• [What is expected]: The goal is a clean copy of all the data below, with pictures dropped and everything else retyped exactly.

• [Data]:
__________________________________________________
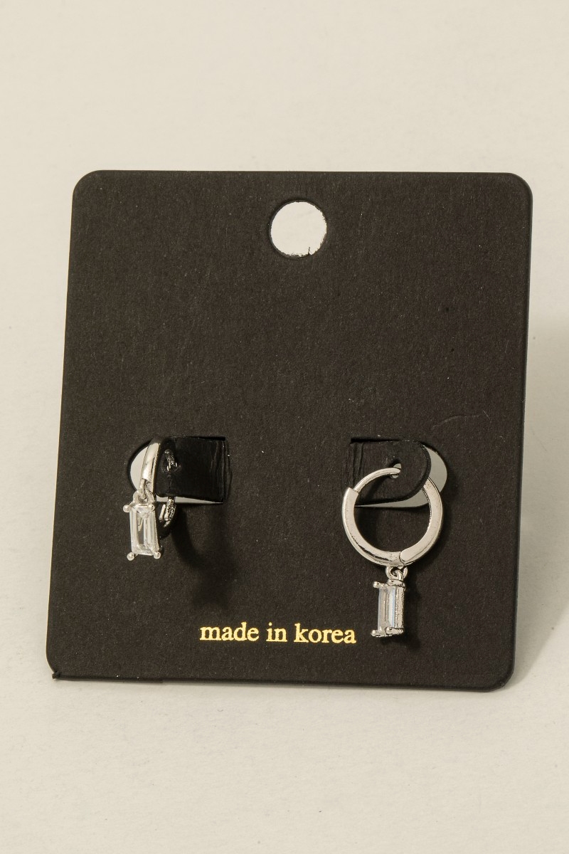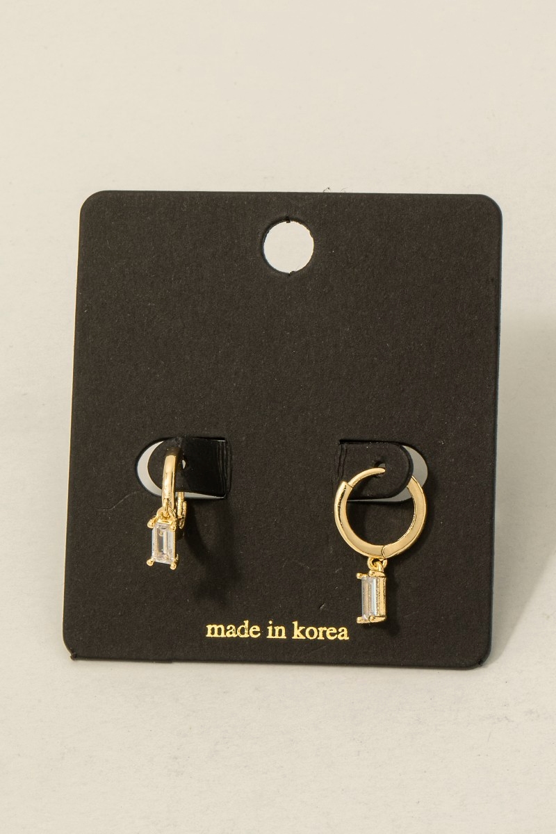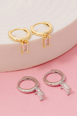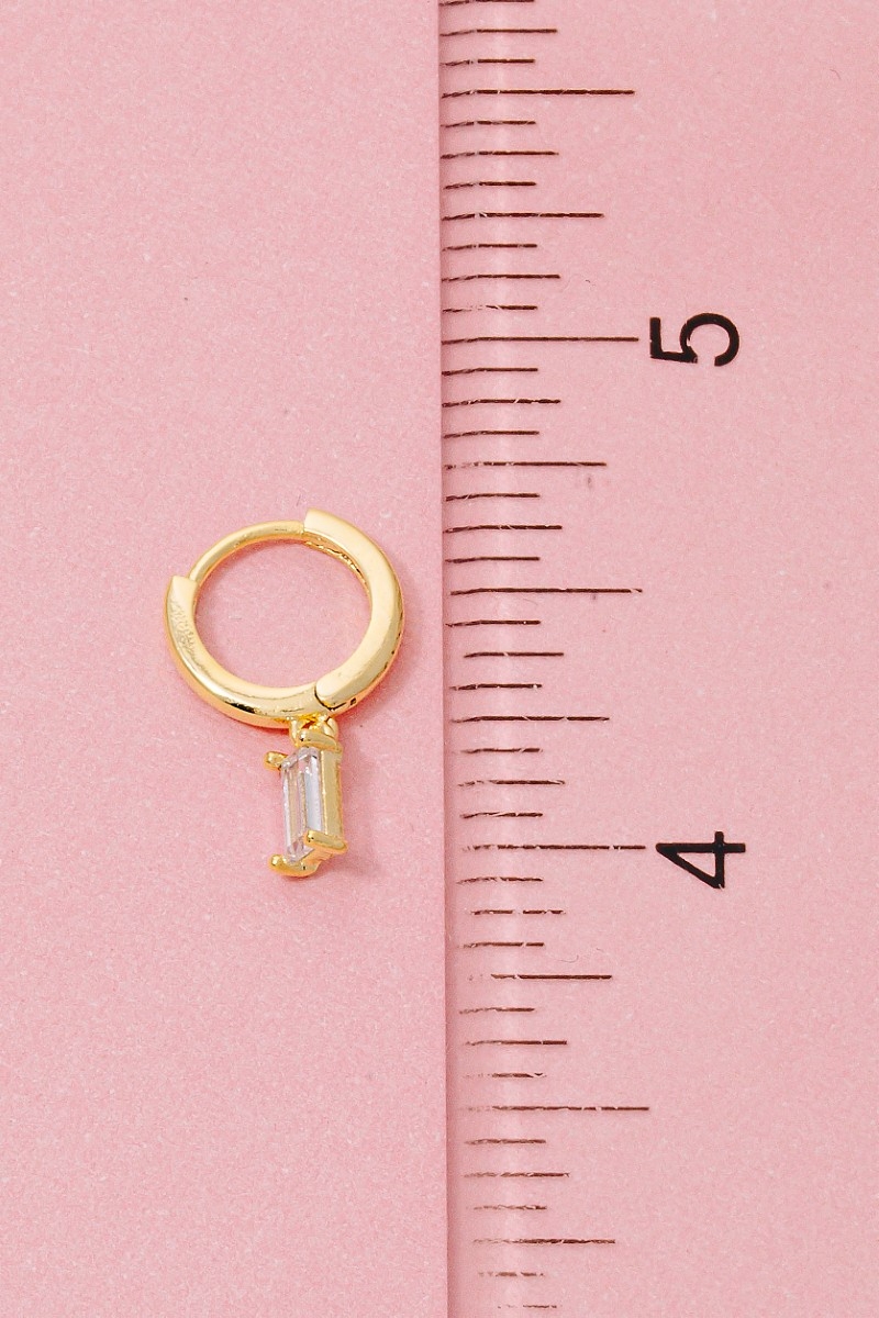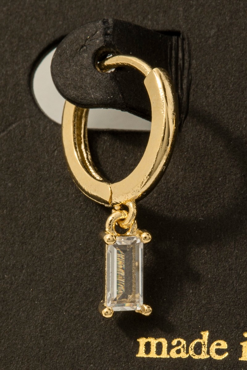 - This pair of hoop earrings showcases a timeless gold dipped cubic zirconia baguette charm style. Delight in the nuanced details that make this pair of hoop earrings a testament to fine design and impeccable taste.
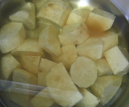 3. 전분 빼기: 썬 고구마는 찬물에 10분 정도 담가 전분기를 빼줍니다. 이 과정을 거쳐야 튀겼을 때 서로 달라붙지 않고, 색이 검게 변하는 것을 막을 수 있습니다.
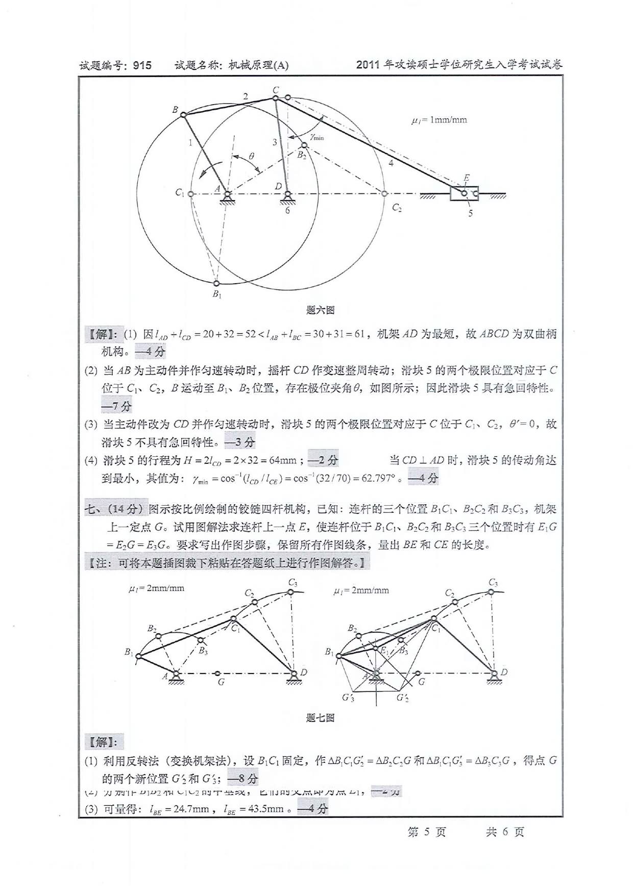 东南大学2011-2015机械原理915考研真题带详细答案(5)
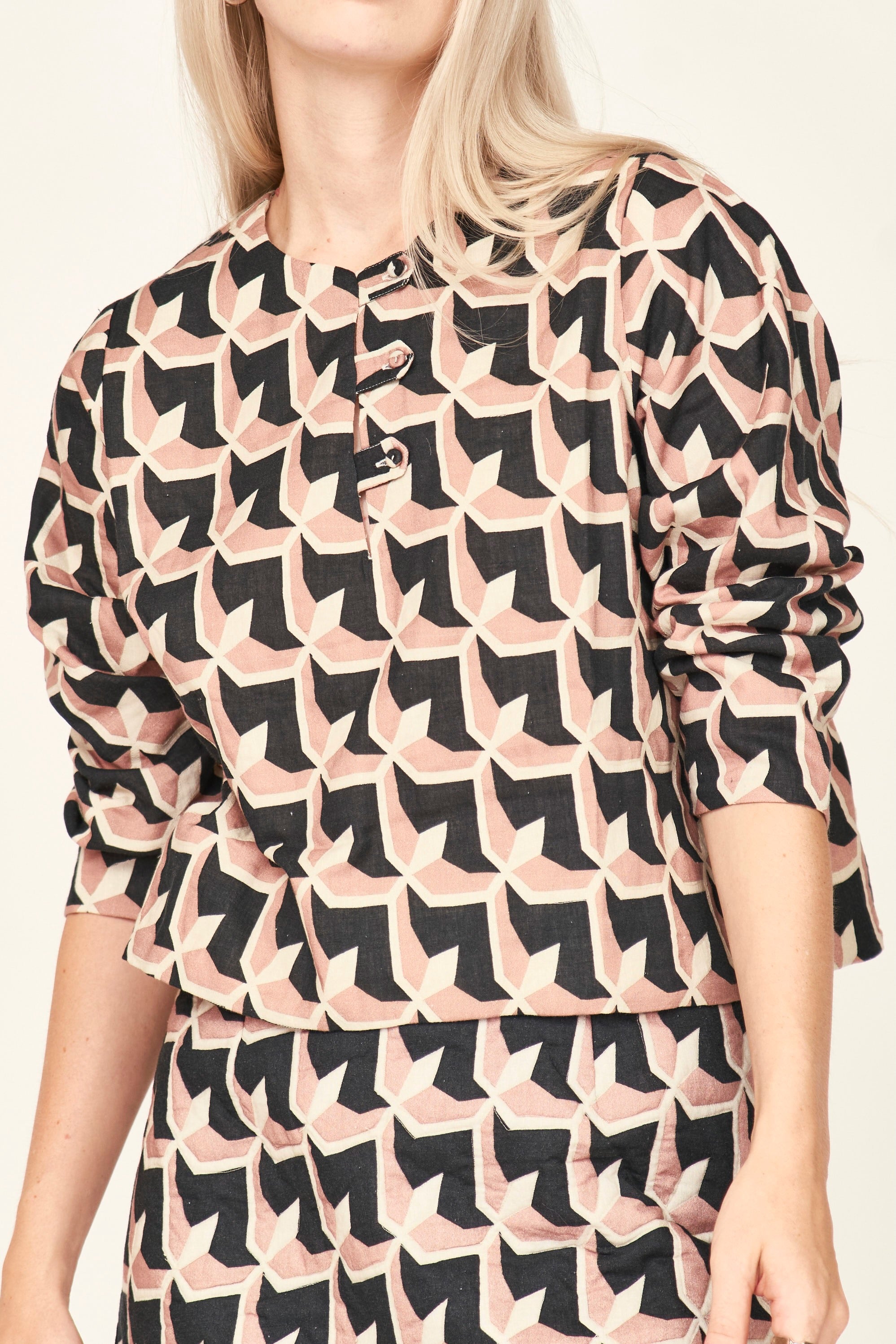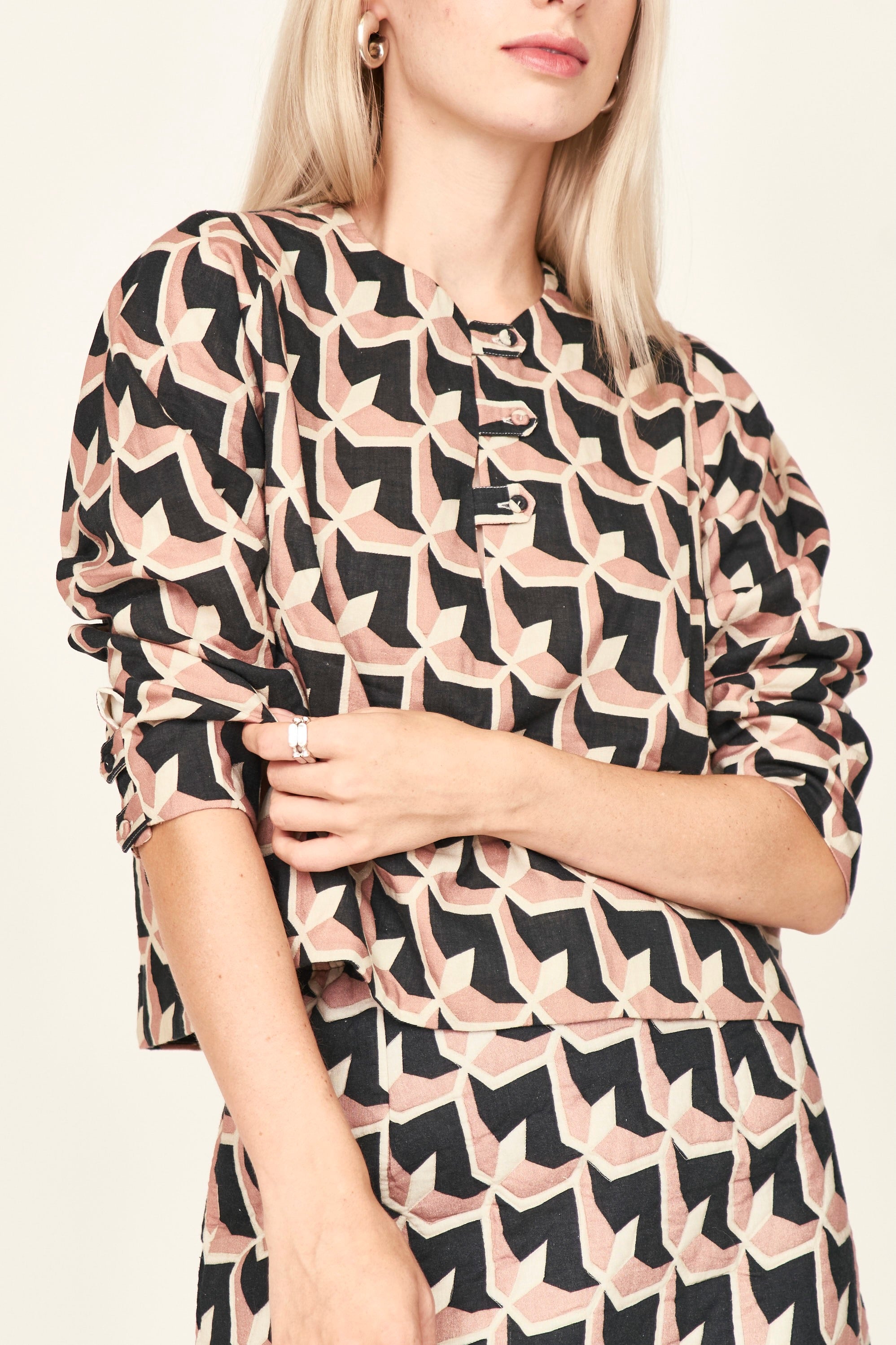 - Boxy fit blouse with front neck slit and tab button closure
__________________________________________________
• [Exercise response]:
 - This pair of hoop earrings showcases a timeless gold dipped cubic zirconia baguette charm style. Delight in the nuanced details that make this pair of hoop earrings a testament to fine design and impeccable taste.
 3. 전분 빼기: 썬 고구마는 찬물에 10분 정도 담가 전분기를 빼줍니다. 이 과정을 거쳐야 튀겼을 때 서로 달라붙지 않고, 색이 검게 변하는 것을 막을 수 있습니다.
 东南大学2011-2015机械原理915考研真题带详细答案(5)
 - Boxy fit blouse with front neck slit and tab button closure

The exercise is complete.